In 1986, a jury convicted Banks of passing bad checks, forgery, uttering, grand theft, and receiving stolen property. He raised ten claims in his federal petition: 1) that the trial court improperly admitted evidence of his prior convictions; 2) that the trial court improperly admitted a letter demanding payment on a bad check; 3) that a police officer was allowed to testify concerning his prior convictions and that evidence was admitted regarding convictions which were more than ten years old; 4) that there was insufficient evidence on a bad check charge; 5) that there was insufficient evidence of forgery and uttering; 6) that there was insufficient evidence of receiving stolen property; 7) that he received a greater sentence because he demanded a jury trial; 8) that the indictment was "constructively amended" by the trial court's instructions; 9) that the trial court's instructions were "conflicting, inconsistent and inapplicable;" and 10) that he was denied effective assistance of counsel. On September 18, 1991, the district court adopted a magistrate's recommendation and dismissed the petition. It is from this judgment that Banks now appeals. In addition, he has filed a motion to extend the appointment of his attorney under the Criminal Justice Act, 18 U.S.C. § 3006A.

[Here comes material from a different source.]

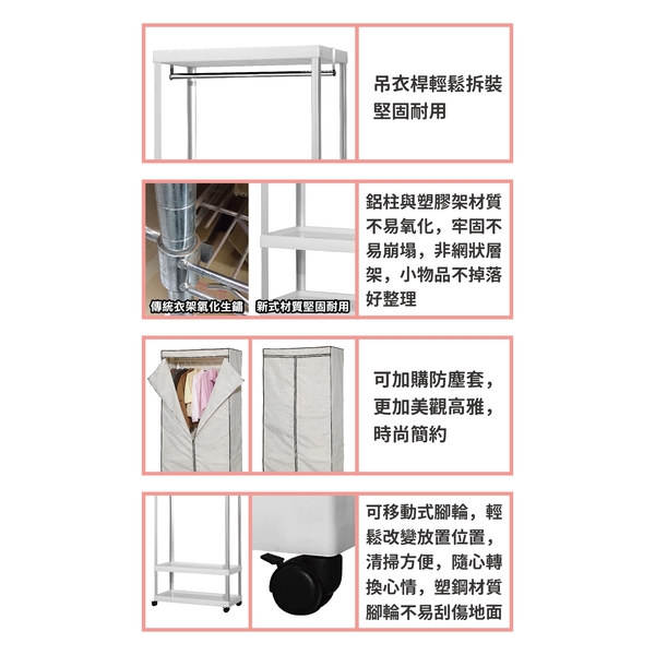 2. 鋁柱與塑膠架材質不易氧化,牢固不易崩塌,非網狀層架,小物品不掉落好整理。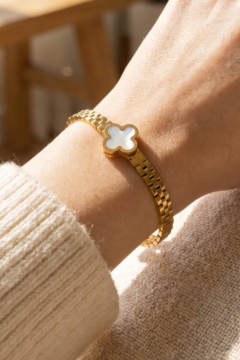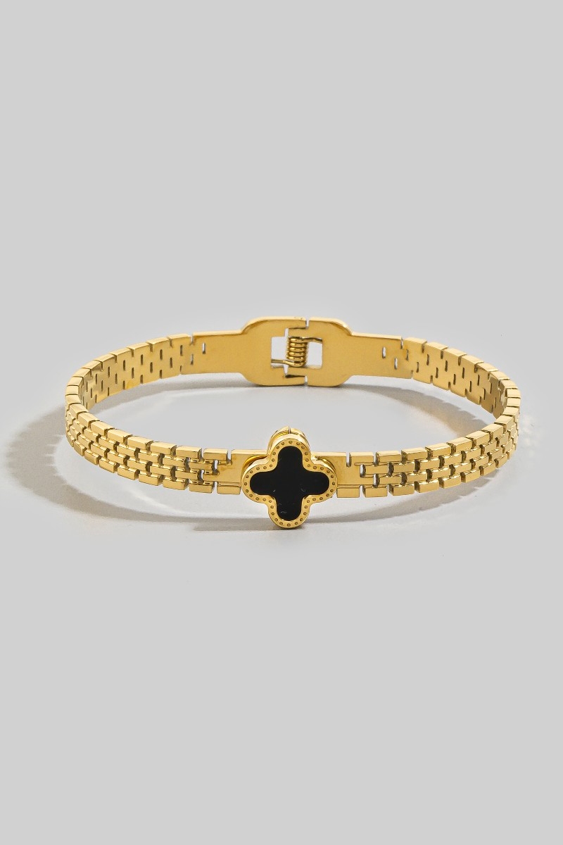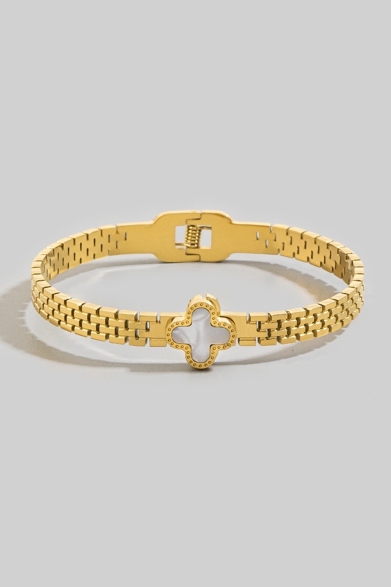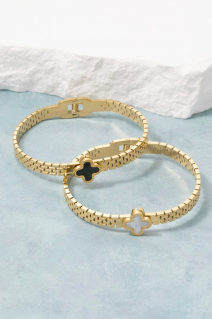 - This chain bracelet introduces a unique clover center watch band style. Delight in the nuanced details that make this chain bracelet a testament to fine design and impeccable taste.

As an initial matter, it is noted that Banks has not raised any arguments regarding several of his original claims on appeal. Issues are not reviewable if they have been abandoned on appeal, even if they were raised in the district court. Thus, Banks has waived appellate review of the second, fifth, sixth, seventh and tenth claims asserted in his petition. See McMurphy v. City of Flushing, 802 F.2d 191, 198-99 (6th Cir. 1986).

A de novo review of the remaining claims indicates that the petition was properly dismissed for the reasons stated by the district court. The admission of evidence regarding Banks's prior convictions did not violate due process in light of the limiting instruction that the trial court gave to the jury. See Spencer v. Texas, 385 U.S. 554, 561 (1967). The surplus language in the court's instruction on grand theft was consistent with the statutory definition and did not violate due process. See Martin v. Foltz, 773 F.2d 711, 718 (6th Cir. 1985), cert. denied, 478 U.S. 1021 (1986). Nor were the court's instructions so ambiguous on the whole as to deprive Banks of a fair trial. Finally, the victim's testimony and the absence of funds in Banks's account provided sufficient evidence to support his conviction for passing bad checks. See Brown v. Davis, 752 F.2d 1142, 1147 (6th Cir. 1985).

Accordingly, the motion for appointment of counsel is granted, and the district court's judgment is affirmed. Rule 9(b) (3), Rules of the Sixth Circuit.